*Task prompt*
Begin at the line containing "A vibrant underwater" in the data below and go on through the line containing "The boots are", repeating each line exactly; include both ends and no other line.

*Supplied data*

+--

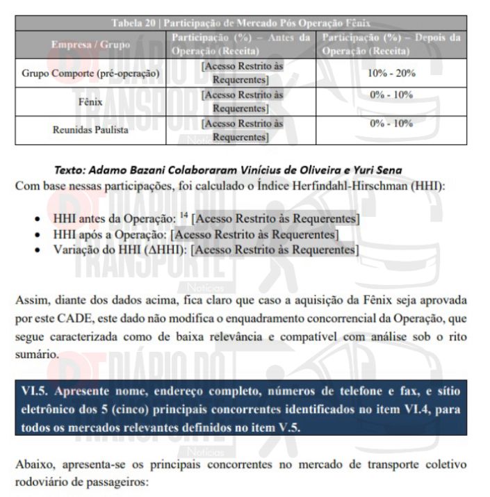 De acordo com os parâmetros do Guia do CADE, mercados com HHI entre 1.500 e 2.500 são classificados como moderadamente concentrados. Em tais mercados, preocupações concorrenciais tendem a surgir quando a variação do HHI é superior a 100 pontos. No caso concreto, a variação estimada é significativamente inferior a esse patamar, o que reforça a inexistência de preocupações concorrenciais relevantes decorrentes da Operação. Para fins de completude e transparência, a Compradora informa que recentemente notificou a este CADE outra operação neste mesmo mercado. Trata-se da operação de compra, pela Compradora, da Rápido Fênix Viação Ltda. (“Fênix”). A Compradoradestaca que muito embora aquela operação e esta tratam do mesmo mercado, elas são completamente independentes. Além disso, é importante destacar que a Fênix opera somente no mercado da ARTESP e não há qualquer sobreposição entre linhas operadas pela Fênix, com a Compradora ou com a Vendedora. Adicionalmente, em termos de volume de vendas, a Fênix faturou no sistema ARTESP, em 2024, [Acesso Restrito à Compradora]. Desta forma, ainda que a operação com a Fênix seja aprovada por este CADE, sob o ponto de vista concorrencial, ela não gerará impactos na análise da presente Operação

+--

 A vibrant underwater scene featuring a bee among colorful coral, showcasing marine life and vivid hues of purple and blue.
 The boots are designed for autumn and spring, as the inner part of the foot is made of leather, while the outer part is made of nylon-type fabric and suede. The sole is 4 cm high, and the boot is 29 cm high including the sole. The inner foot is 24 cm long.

+--

*Response area*
 A vibrant underwater scene featuring a bee among colorful coral, showcasing marine life and vivid hues of purple and blue.
 The boots are designed for autumn and spring, as the inner part of the foot is made of leather, while the outer part is made of nylon-type fabric and suede. The sole is 4 cm high, and the boot is 29 cm high including the sole. The inner foot is 24 cm long.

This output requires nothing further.